▸ **DATASET**:
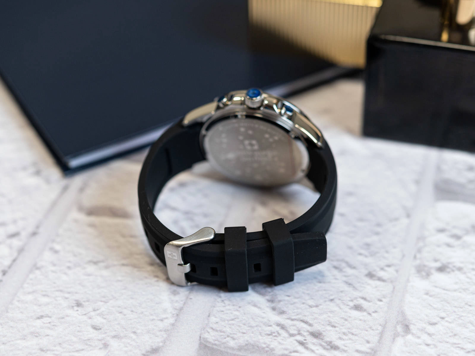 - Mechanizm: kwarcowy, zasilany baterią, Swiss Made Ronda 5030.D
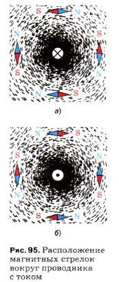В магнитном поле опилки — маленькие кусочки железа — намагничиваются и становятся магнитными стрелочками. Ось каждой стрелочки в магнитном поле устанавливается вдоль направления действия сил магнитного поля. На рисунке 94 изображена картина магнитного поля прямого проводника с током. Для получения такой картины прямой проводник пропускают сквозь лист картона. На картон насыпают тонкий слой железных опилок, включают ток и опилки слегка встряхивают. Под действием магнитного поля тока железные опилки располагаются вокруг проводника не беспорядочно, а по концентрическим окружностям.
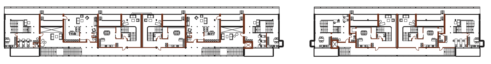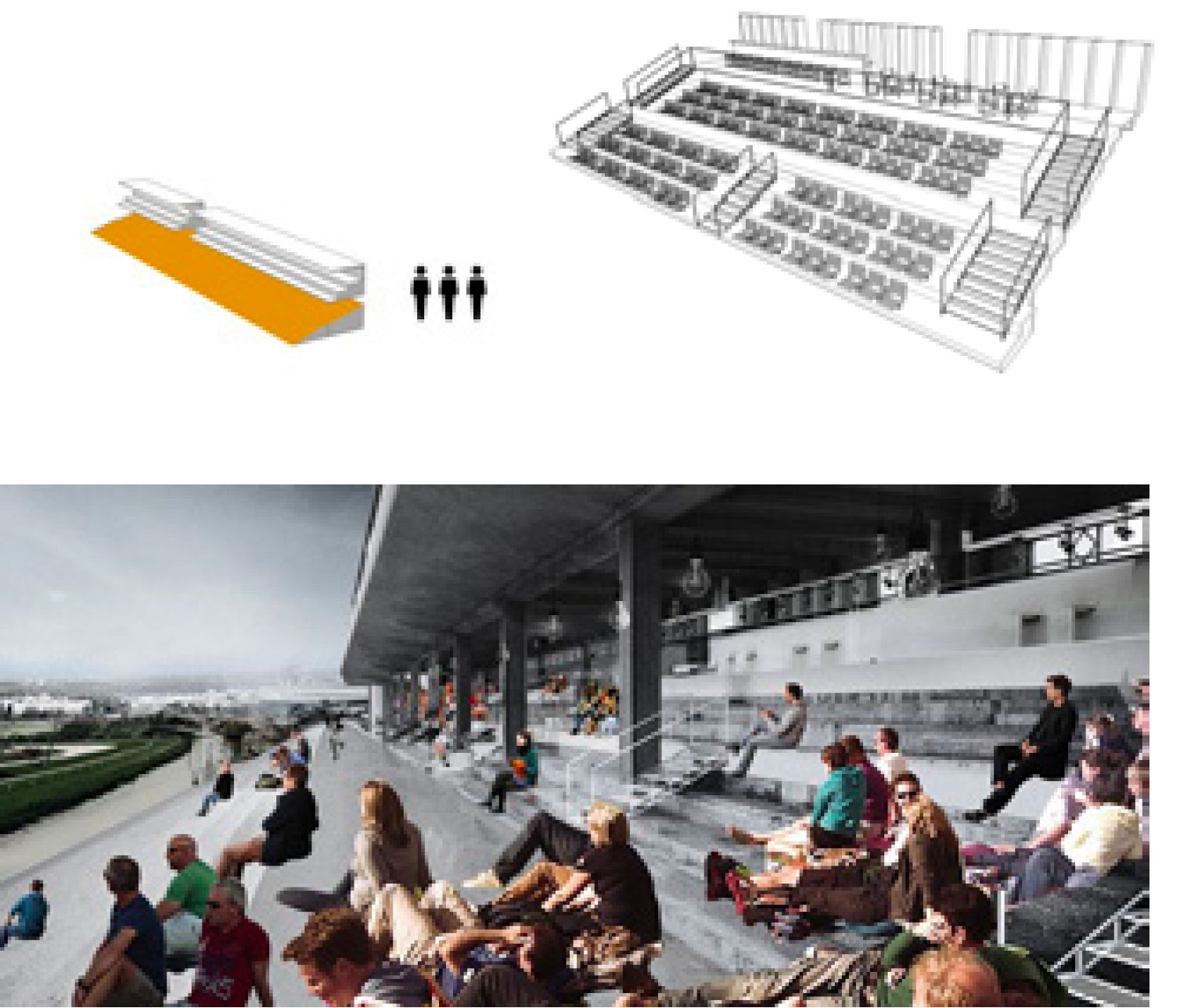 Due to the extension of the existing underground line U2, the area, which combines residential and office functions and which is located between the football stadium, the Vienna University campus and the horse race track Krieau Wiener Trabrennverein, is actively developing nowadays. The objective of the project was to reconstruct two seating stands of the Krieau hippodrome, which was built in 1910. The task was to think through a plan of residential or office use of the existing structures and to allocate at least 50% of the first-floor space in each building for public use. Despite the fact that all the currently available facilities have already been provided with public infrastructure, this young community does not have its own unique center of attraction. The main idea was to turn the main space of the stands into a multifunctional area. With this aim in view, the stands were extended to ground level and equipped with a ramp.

...

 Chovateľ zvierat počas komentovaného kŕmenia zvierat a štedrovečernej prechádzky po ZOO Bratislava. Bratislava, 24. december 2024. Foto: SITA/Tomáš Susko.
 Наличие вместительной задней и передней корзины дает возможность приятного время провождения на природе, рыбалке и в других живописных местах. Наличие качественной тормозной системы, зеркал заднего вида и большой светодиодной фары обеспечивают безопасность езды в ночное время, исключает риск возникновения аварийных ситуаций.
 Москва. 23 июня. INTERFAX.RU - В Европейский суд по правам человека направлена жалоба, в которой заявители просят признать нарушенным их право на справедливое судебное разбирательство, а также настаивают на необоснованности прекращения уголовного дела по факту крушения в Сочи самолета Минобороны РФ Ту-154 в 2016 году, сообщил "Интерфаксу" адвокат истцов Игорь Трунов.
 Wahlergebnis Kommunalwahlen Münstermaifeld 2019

---

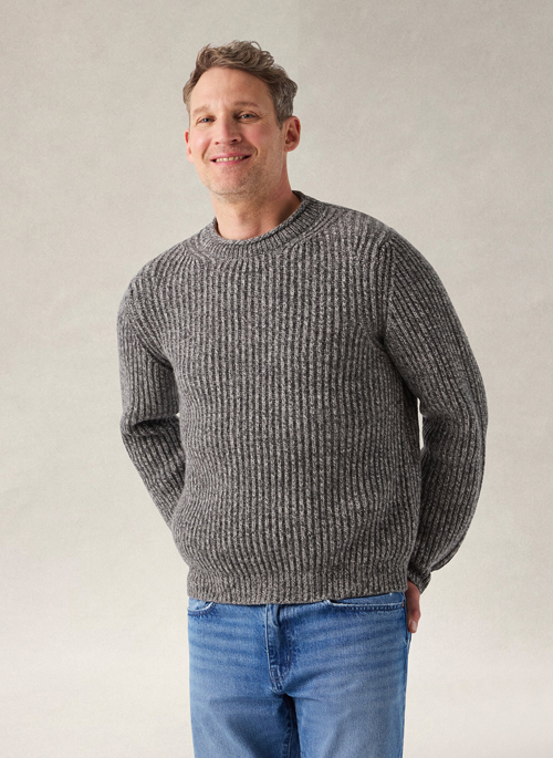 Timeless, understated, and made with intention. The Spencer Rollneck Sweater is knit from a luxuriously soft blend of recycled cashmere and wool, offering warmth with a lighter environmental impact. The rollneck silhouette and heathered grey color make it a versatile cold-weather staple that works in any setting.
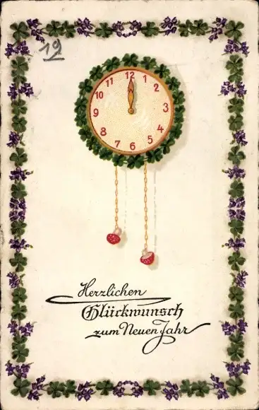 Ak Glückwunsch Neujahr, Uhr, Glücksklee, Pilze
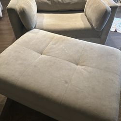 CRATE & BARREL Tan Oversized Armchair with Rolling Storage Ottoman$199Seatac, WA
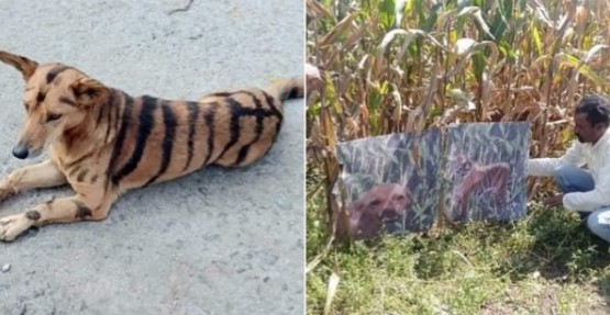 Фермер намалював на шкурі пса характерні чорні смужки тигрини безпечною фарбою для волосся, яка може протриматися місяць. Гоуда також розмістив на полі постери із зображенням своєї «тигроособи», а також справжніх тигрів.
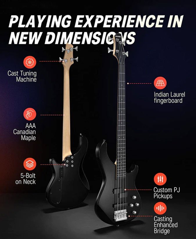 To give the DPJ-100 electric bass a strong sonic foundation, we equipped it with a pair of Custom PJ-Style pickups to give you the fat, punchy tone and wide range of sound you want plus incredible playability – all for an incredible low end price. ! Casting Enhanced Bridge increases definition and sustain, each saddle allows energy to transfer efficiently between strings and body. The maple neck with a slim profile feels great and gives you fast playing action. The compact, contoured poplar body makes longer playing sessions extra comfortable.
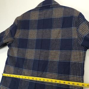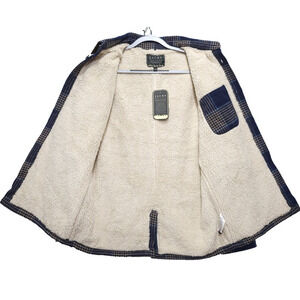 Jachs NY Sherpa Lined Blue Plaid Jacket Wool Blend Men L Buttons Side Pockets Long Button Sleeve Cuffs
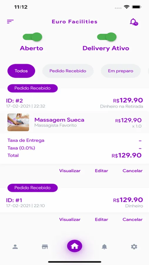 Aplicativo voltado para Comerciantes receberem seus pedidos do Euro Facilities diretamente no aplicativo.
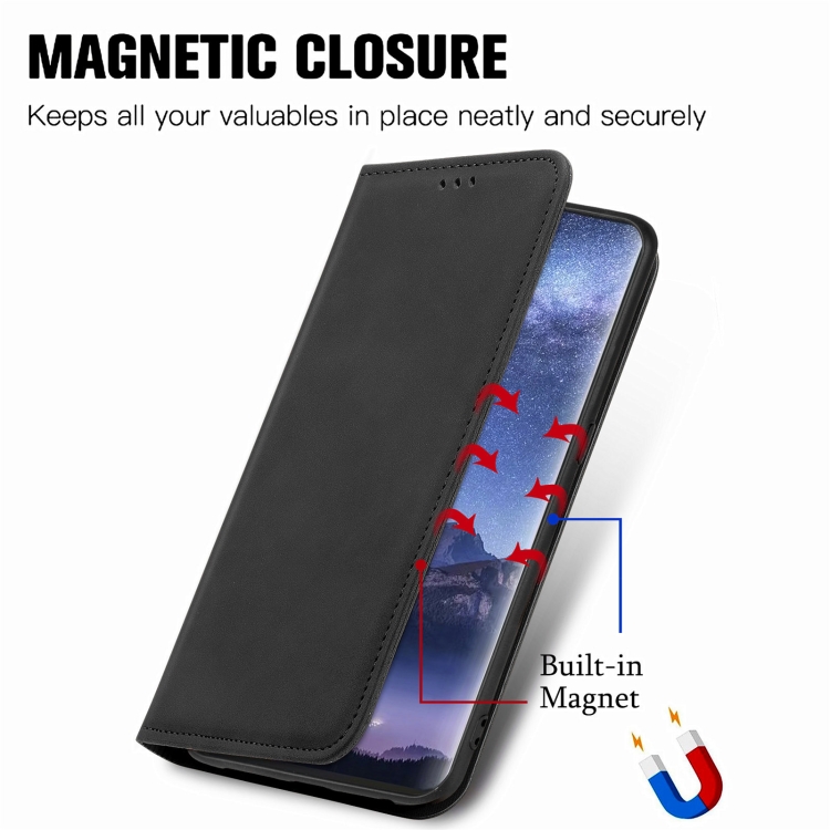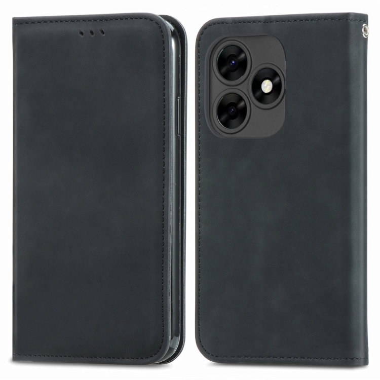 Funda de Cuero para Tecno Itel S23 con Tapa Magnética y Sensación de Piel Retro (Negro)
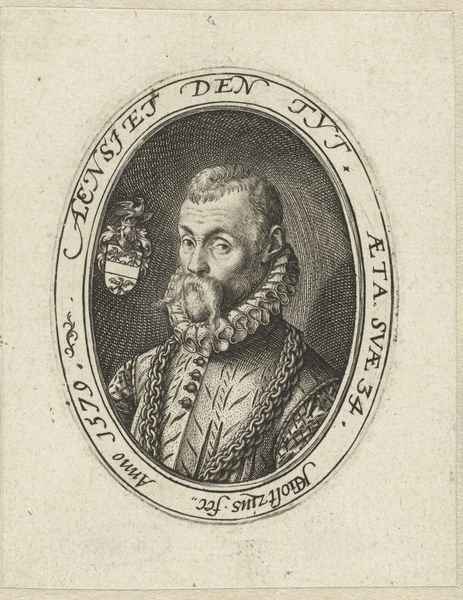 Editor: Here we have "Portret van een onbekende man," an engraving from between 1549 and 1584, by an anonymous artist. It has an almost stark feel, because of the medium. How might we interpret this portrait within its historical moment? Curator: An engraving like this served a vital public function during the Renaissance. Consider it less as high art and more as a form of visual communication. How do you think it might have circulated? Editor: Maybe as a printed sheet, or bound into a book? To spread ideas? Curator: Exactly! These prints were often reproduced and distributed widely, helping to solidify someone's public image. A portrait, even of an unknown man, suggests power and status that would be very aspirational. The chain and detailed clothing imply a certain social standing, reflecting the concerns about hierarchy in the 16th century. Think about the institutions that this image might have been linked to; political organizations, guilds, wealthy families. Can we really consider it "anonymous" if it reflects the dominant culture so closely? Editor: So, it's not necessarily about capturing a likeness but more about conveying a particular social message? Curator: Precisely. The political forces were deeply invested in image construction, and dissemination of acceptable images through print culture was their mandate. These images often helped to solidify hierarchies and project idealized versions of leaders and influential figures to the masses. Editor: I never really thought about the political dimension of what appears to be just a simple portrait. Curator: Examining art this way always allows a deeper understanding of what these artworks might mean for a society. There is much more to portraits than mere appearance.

▸ **PROBLEM REQUIREMENTS**:
Word for word, write out the lines above running from the one with "Funda de Cuero" up to and including the one with "Editor: Here we". Drop any picture.

▸ **TASK SOLUTION**:
 Funda de Cuero para Tecno Itel S23 con Tapa Magnética y Sensación de Piel Retro (Negro)
 Editor: Here we have "Portret van een onbekende man," an engraving from between 1549 and 1584, by an anonymous artist. It has an almost stark feel, because of the medium. How might we interpret this portrait within its historical moment? Curator: An engraving like this served a vital public function during the Renaissance. Consider it less as high art and more as a form of visual communication. How do you think it might have circulated? Editor: Maybe as a printed sheet, or bound into a book? To spread ideas? Curator: Exactly! These prints were often reproduced and distributed widely, helping to solidify someone's public image. A portrait, even of an unknown man, suggests power and status that would be very aspirational. The chain and detailed clothing imply a certain social standing, reflecting the concerns about hierarchy in the 16th century. Think about the institutions that this image might have been linked to; political organizations, guilds, wealthy families. Can we really consider it "anonymous" if it reflects the dominant culture so closely? Editor: So, it's not necessarily about capturing a likeness but more about conveying a particular social message? Curator: Precisely. The political forces were deeply invested in image construction, and dissemination of acceptable images through print culture was their mandate. These images often helped to solidify hierarchies and project idealized versions of leaders and influential figures to the masses. Editor: I never really thought about the political dimension of what appears to be just a simple portrait. Curator: Examining art this way always allows a deeper understanding of what these artworks might mean for a society. There is much more to portraits than mere appearance.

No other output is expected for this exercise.